As a general rule, wrestlers should not write tell-all books unless they’re about five years removed from the sport (and McMahon’s chequebook). Otherwise, you get weak, not-very-shocking accounts by people who promise to spill the beans and dish the dirt…but not all the beans, and not very much of the dirt. They’ve got to stay in the WWF/WWE’s good books because, hey, McMahon still might call and offer them another payday.
Chyna breaks the rule, with this book being written just one year after winning the WWF Intercontinental Championship, but it’s fairly interesting as these books go. We learn about her early life, beauty pageants, various odd jobs, how she got discovered, her quest to find breast implants that won’t rupture in the ring, and her shitty dad. If you want bitterness and bad-mouthing, there’s a lot of it here. If you listen closely, you can hear the sound of a hundred bridges burning. Wrestlers are usually all too willing to sling mud at each other, just so long as they don’t insult the federation.

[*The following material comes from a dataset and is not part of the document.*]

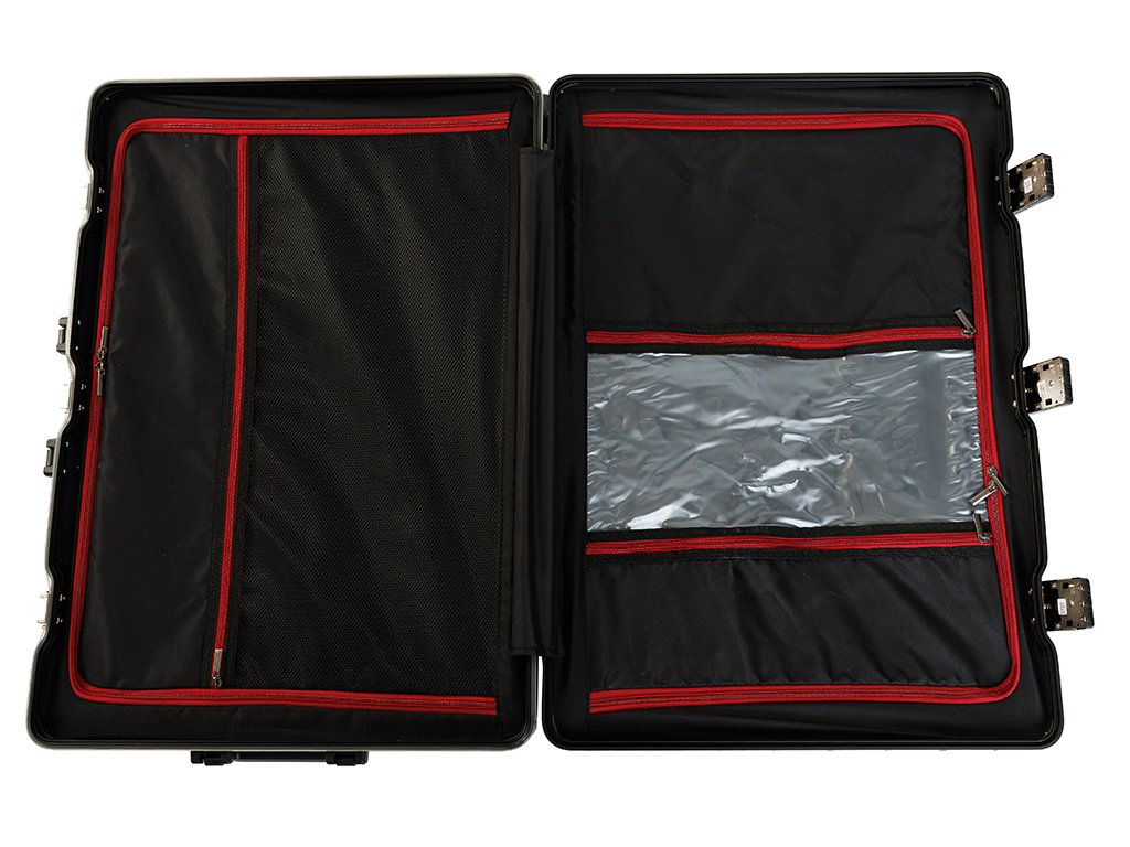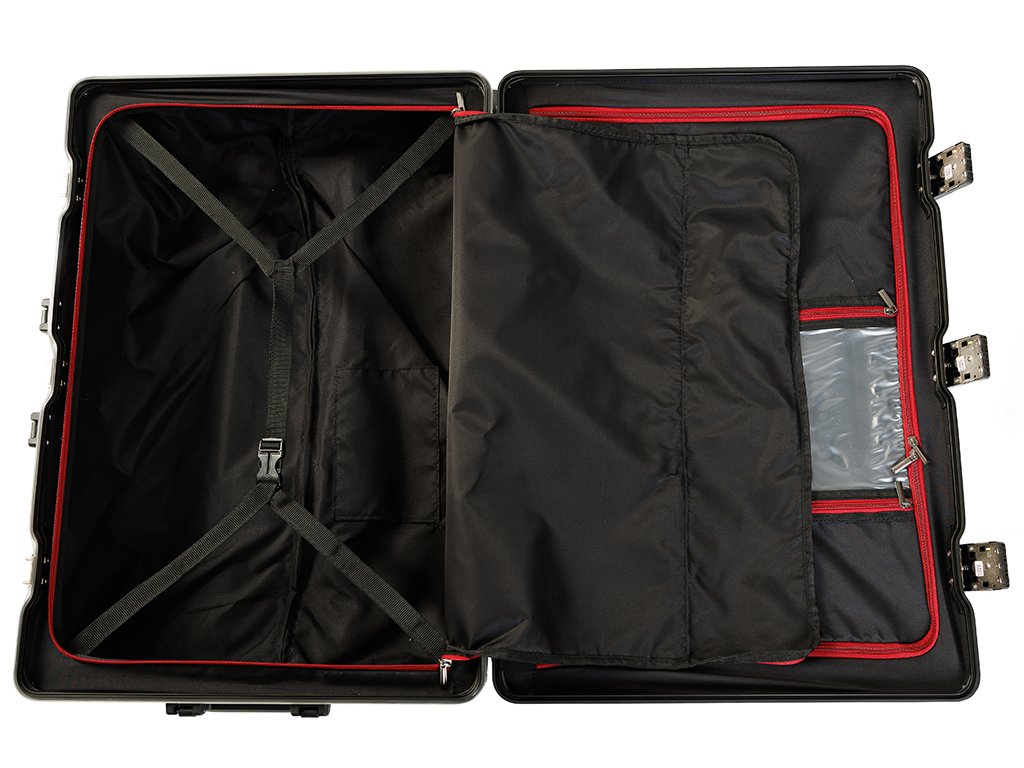 - uvnitř kufru stylová podšívka, 2 kapsy na zip a elastické popruhy pro upevnění oblečení a předmětů

There’s lots of photos, and some stories contributed by Triple H and Mick Foley. Mostly the book hits all the expected spots for a sports tell-all book, and it’s (ghost)written well. This is coming from someone who’s not a super huge fan of pro wrestling. I follow it like I follow the UFC – that is, I only follow the freaks and the misfits. It’s a credit to this book that it remains accessible to someone like me, sitting in the cheap seats.
It has one big weakness, and it’s the same thing you could say about Dwayne Johnson’s book – it came too soon. Obviously there was a cash cow to milk, but what would this book have looked like if it was published 10 years later? It would cover the termination of her contract, her sex tape, her substance abuse problems, her adult entertainment career – a story or two there, no? But that’s getting a bit too sordid, and the book would end on a depressing note. It is difficult to sell a story about female empowerment when your latest industry accomplishment is a movie called Backdoor to Chyna.
But if you want to get picky, Chyna’s porn career officially started with Chyna Fitness in 2000, which has Chyna doing circuit training while the camera zooms in on her cleavage. Towards the end I became convinced that it was a porn video masquerading as a workout tape, and my view hasn’t changed since then. Seriously, if you have a market of muscle fetishists to exploit and you don’t want to look too obviously sleazy, what do you do? It’s like Japan’s “Soaplands”, where women oil you up and molest you, and the business skirts legal arbitration by claiming it’s a massage parlour.